A Letter To My Boys
I'm stuck in this state of constant wonder lately. After all, it has been seven months since you've been gone. I have only seen you three times in that seven months. So all I am left with is wonder.
I wonder if you are getting along and protecting each other, because that's what brothers should do. I wonder if you're getting enough sleep at night, eating the right foods, enjoying your school. I wonder if you're doing your homework. I wonder if you have crushes. I wonder who you eat lunch with and who you sit with on the bus. I wonder if you're making good choices. I wonder how you grow up without your mom.
I wonder what your new hobbies are and what you do for fun when you aren't at school. I wonder if you're playing too many video games or watching too much TV. I wonder if you're happy or scared or lonely. I wonder if you have friends and people to talk to. I wonder if you need hair cuts or need to go to the dentist. I wonder if your clothes and shoes still fit or if you need new ones.

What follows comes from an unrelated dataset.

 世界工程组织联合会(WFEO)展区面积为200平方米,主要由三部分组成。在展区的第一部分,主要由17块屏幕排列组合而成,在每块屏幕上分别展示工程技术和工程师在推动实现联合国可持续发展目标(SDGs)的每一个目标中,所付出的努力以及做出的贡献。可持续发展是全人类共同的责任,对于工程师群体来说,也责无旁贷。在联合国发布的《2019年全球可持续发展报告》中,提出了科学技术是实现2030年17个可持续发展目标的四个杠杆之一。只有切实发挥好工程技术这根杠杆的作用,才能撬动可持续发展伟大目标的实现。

I wonder what it's like to hug and kiss you good night, because honestly, I've forgotten. I wonder if you're brushing your teeth twice a day. I wonder how tall you are and if your voices have changed. I wonder if you are polite and kind to others. I wonder who you are becoming.

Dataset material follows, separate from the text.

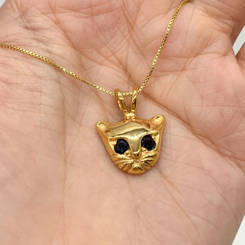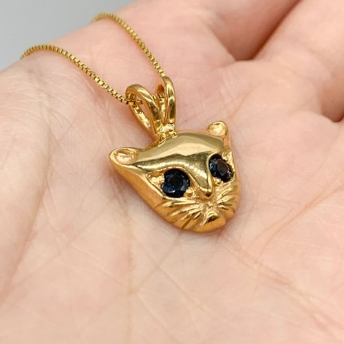 Gold Cat Necklace set with Natural Sapphires in a diamond cut & deep blue color, at size 3mm each (0.3 Ct combined) from Burma.

I wonder if you miss your sisters. I wonder if you miss me. I wonder how in the hell we got here and if we will ever get out of this mess. I wonder if I'm to blame. I wonder what I did and if I could have done better. I wonder if you're ever going to pick up the phone.

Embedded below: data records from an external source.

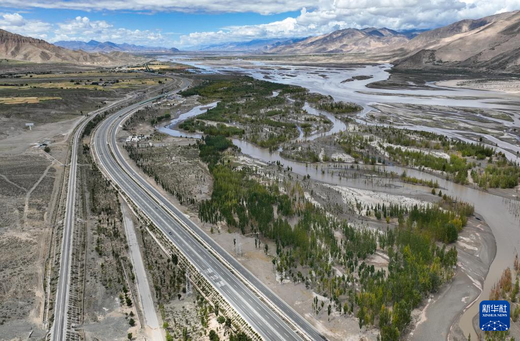 拉薩至日喀則的高等級(jí)公路(無人機(jī)照片,2024年9月11日攝)。新華社記者 晉美多吉 攝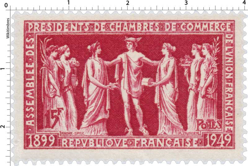 Timbre : 1949 ASSEMBLÉE DES PRÉSIDENTS DE CHAMBRES DE COMMERCE DE L'UNION FRANÇAISE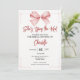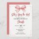 dd a touch of romance and charm to your celebration with this elegant "She’s Tying the Knot" Bridal Shower Invitation featuring a soft red satin bow, whimsical script font, and graceful corner flourishes. This design blends modern calligraphy with a classic layout, making it perfect for a bridal shower, engagement party, or bride-to-be gathering. The red and blush tones give it a bold yet feminine flair, ideal for a winter, romantic, or Valentine's-themed bridal shower. Customise with your event details to make it uniquely yours.

I wonder about you as adults. I wonder about you as husbands and fathers. I wonder about your futures.
I wonder if it's ever going to stop hurting, but I'm pretty sure I know the answer to that one.
I'm not telling you these things to make you feel bad, but to let you know that I will never stop being your mom and wondering. It's not possible. You are both a part of me, therefore it's physically impossible for me to stop loving you, caring about you, wondering about you.